For a teenager steeped in Welsh choir music, Michael Stipe’s kaleidoscope of artistic influences – and mega-success – were too irresistible not to follow

When I first fell in love, I was 14. He was 32. I watched him being carried around on a sea of other people’s hands, holding him gently like a god, then tossing him in the air like a plaything. My REM and Michael Stipe fandom was born an ordinary Saturday morning in a living room in south Wales as the video for Drive played on the ITV Chart Show.

Before REM, I was a chart music geek, devouring Now That’s What I Call Music compilations and noting down the Top 5 in my diary. After REM – or more specifically, my love of the multi-platinum-selling Automatic For the People – I burrowed into southern folklore, short stories, experimental film and chiaroscuro art, led by this new guide from Athens, Georgia, with the huge pale blue eyes.

Jude Rogers as a teenager
Jude Rogers as a teenager Photograph: Jude Rogers

Loving REM felt like rebellion to me. My family were so unrebellious. As mainstays of the Welsh chapel and choir, the music they played at home revolved around classical music or hymns, not keening ballads about boys swimming naked at midnight. REM also made me more confident about being a bit weird. I’d been desperate to please people as a kid, something that came from losing a parent very young just after moving schools and never feeling I really fitted in. Liking anything that wasn’t pearly-bright pop culture, I’d long thought, risked me being marked out.

But this love was too strong. I remember Sellotaping Stipe’s beautiful, unconventional face onto my GCSE revision folder and holding it facing outwards as I walked into school. It sounds ridiculous now, but it felt like a revolution. Here I was, a distinct entity from my family and peer group, allowing myself to follow my own wayward path.

It turned out my friend Claire liked them too, but my love became largely a creative bedroom obsession. I spent my Saturday job money on cassette reissues of their albums, poring through the liner notes as if they were ancient scrolls. I filled notebooks trying to decipher and interpret Stipe’s murky poetry. The moods of Murmur and Reckoning clicked with the cloudy tenor of my adolescence, but I also found out about Man Ray’s photography, Native American history and McCarthyism through REM’s other 80s LPs. I also mined the band’s musical roots, finding Gang of Four and Talking Heads albums in secondhand shops. REM acted as a multi-mirrored kaleidoscopic portal for me, nudging this nervous girl into dazzling new worlds.

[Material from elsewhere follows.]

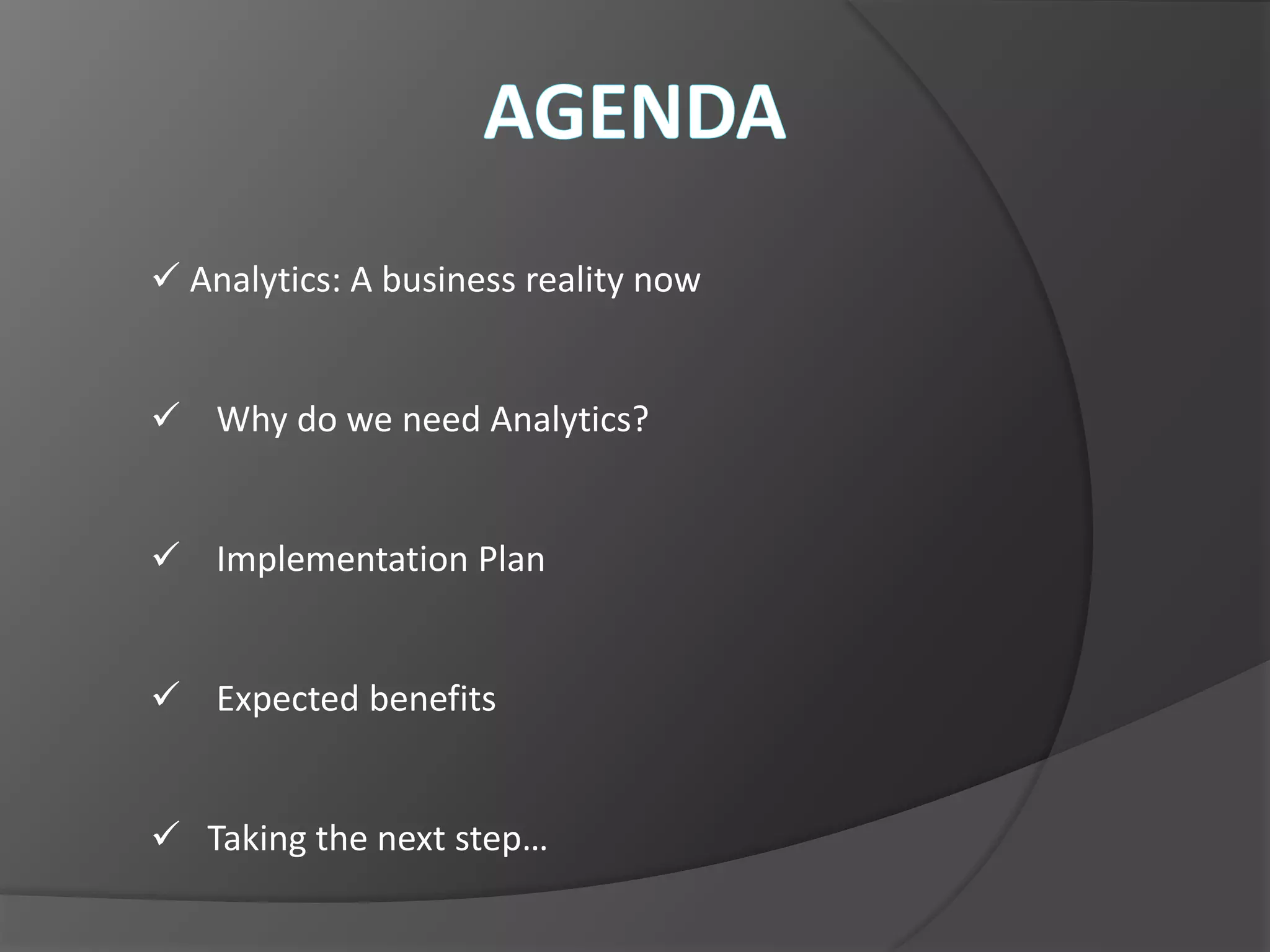 This document discusses implementing analytics for a company. It begins by stating that analytics has become a business necessity focused on fact-based decision making. The company is currently facing issues like low revenue growth and high shrinkage and attrition. The implementation plan outlines different analytics for human resources, fraud, supply chain, and marketing. Expected benefits include 15% revenue growth, 26% increase in efficiency, and reductions in shrinkage and attrition. The next steps are to gain support for implementation, build an analytics team, and spread awareness among employees.

I pursued my adventure with commitment and stealth: ordering REM biographies to my tiny local library (to the confusion of the old woman who ran it), and tracking down video compilations like This Film Is On (a compilation of Out of Time videos) and Left of Reckoning (featuring a 20-minute film of REM wandering around a farm, shot using slow-motion and time-lapse techniques). All these things told me that pop music could be clever and weird, but still be accessible and approachable, qualities I desperately wanted to embody.

REM were also successful: I wanted to be this as well, while not compromising who I was. I still love that the video to what is arguably their best-known song, Losing My Religion, references Andrei Tarkovsky’s The Sacrifice and Caravaggio’s paintings of Saint Sebastian and Doubting Thomas, and went on to win six MTV Video awards. I also found REM’s songs and their videos highly charged and erotic; there was so much longing and feeling in them, which helped me articulate mine to myself. I still can’t listen to Star Me Kitten without a 14-year-old’s hormones reigniting inside.

Things changed when Monster came along in 1994, and I saw REM live. Its songs were bold, outward-facing and brash. I wasn’t there yet, plus these songs weren’t half as good. When I saw them in Cardiff Arms Park, I realised they were other people’s obsessions, not just mine. I should have known from that first viewing of Drive that it takes many hands to carry an artist, but I learned to share my fandom as I get older.

Jude and Michael Stipe
Jude and Michael Stipe Photograph: Jude Rogers

As an adult, I’ve made close friends who have shared similarly intense, internal journeys of discovery thanks to REM. As a journalist, I’ve also met the man I fell in love with when I was 14. By the time it happened, I was the 32-year-old in the room, making a living out of the love of music and research that essentially began with him.

It was the last day of interviews that Stipe, then 51, was doing before REM split. He told me things I didn’t discover in the library or work out in my notebooks, which was thrilling, but he also said how precious it had been to have an audience that allowed him to make things. “A moment in music or a lyric or something that’s more tangible … that people have allowed you to do that, it just doesn’t get better.” It made me realise that fans can be gods and playthings to musicians, too. We lift each other up.